Путешествие по его кишкам напоминает выпуск кинохроники: вертятся станки, колосятся хлеба, народ радостно избывает счастливые будни.
«Сталинский сокол», ас, покоритель стихии — классическое амплуа советского «золотого века». Северный полюс — его космогоническая ось, первоначало, axis mundi. Культурный герой, направляющийся к центру вселенной, символизирует апофеоз тоталитарного мышления, уполномочившего своих титанов вращать Землю в новую, «советскую» сторону. Нынешний маршрут легендарного Чкалова начинается в той точке «коллективного бессознательного», где произошла неоднократно описанная сцена из оригинала 1941 года: удостоившись аудиенции вождя народов, Чкалов в экстазе кружит по комнате жену. Социальный восторг сублимируется в сексуальном эвфемизме. Счастье служения столь велико, что «переливается» на физиологический уровень…

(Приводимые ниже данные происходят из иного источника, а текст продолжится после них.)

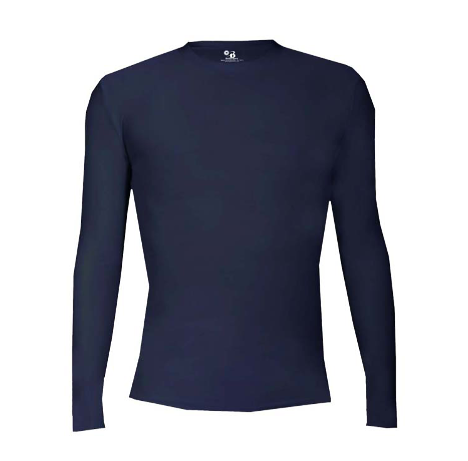Badger Adult Pro Compression Long Sleeve Tee. Badger heat seal logo on left sleeve. 83% Polyester/17% Spandex moisture management fabric. Self-fabric collar. Stretch Body Fit. Double-needle hem.
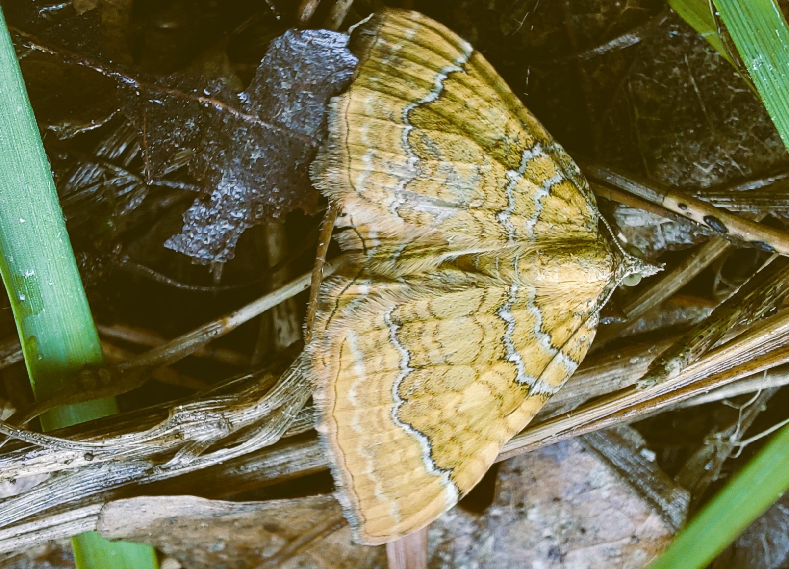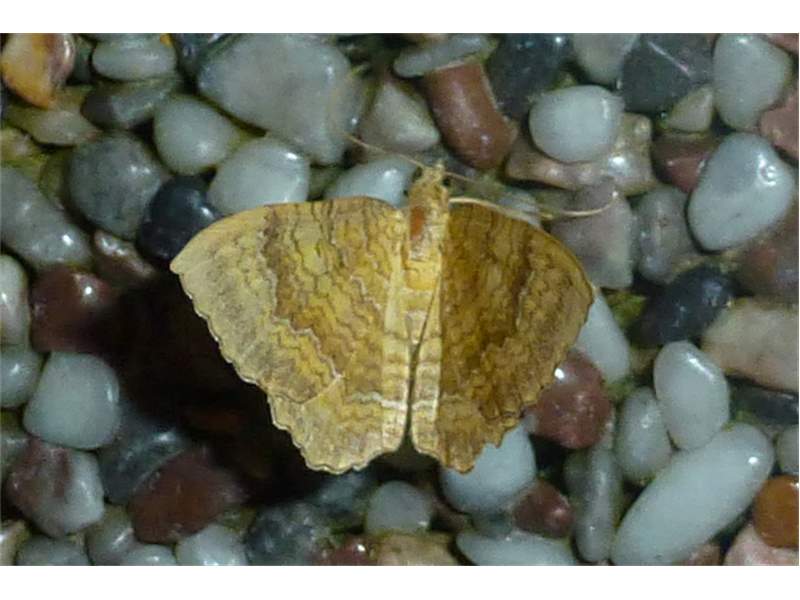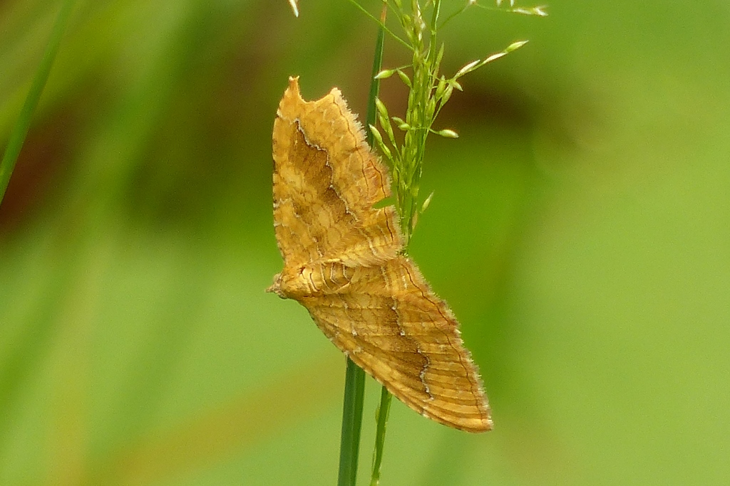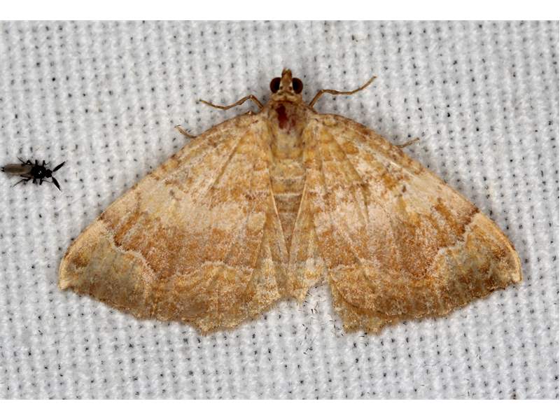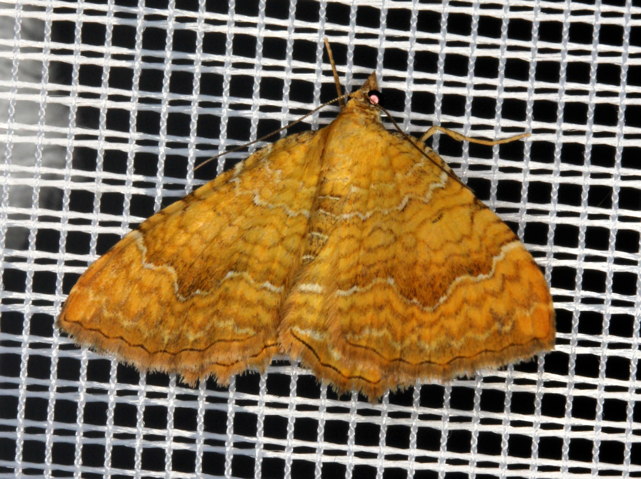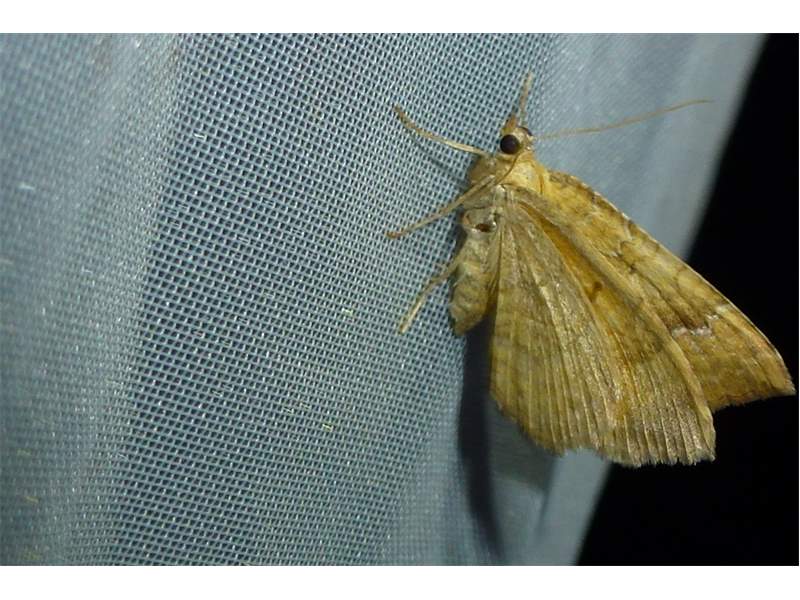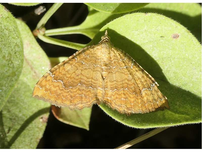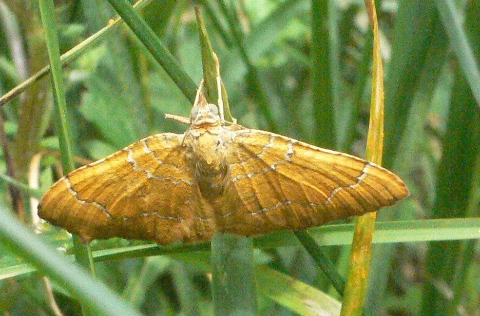 Ockergelbe Blattspanner, oder Löwenzahnspanner oder Brennnesselspanner (Camptogramma bilineata (Linnaeus, 1758)), am Licht, Radeberg, August 2013.

Физиологическая посылка предшествует и новому подвигу героя. Вождь, вобравший черты «пучшего друга советских физкультурников», фольклорного генсека-«бровеносца» и чаплинского «великого диктатора», неосторожно заглатывает ведомый Чкаловым аэроплан. Естественным образом весь экипаж скоро оказывается в вельможном сортире. С перепугу нервный вождь разряжает в своих верных сынов по пистолету, но советские летчики и в дерьме не тонут, и под пулями не умирают. Тогда и появляется таинственный пакет, содержимое которого — корявая стрелка на листе бумаги — указывает героям путь к новым свершениям.
Гиперболизированная логика мифа как бы обнажает собственную «подкорку», комический толстяк-диктатор запросто пожирает самолет. Путешествие по его кишкам напоминает выпуск кинохроники: вертятся станки, колосятся хлеба, народ радостно избывает счастливые будни. Мощный сакральный слой опредмечивается в наивной и буквальной метафоре, а миф превращается в сказку с ее изначально условной посылкой и свободой манипуляции.
Пежемский, будучи первым последователем Курехина по духу, все же уступает ему по исполнительскому дару.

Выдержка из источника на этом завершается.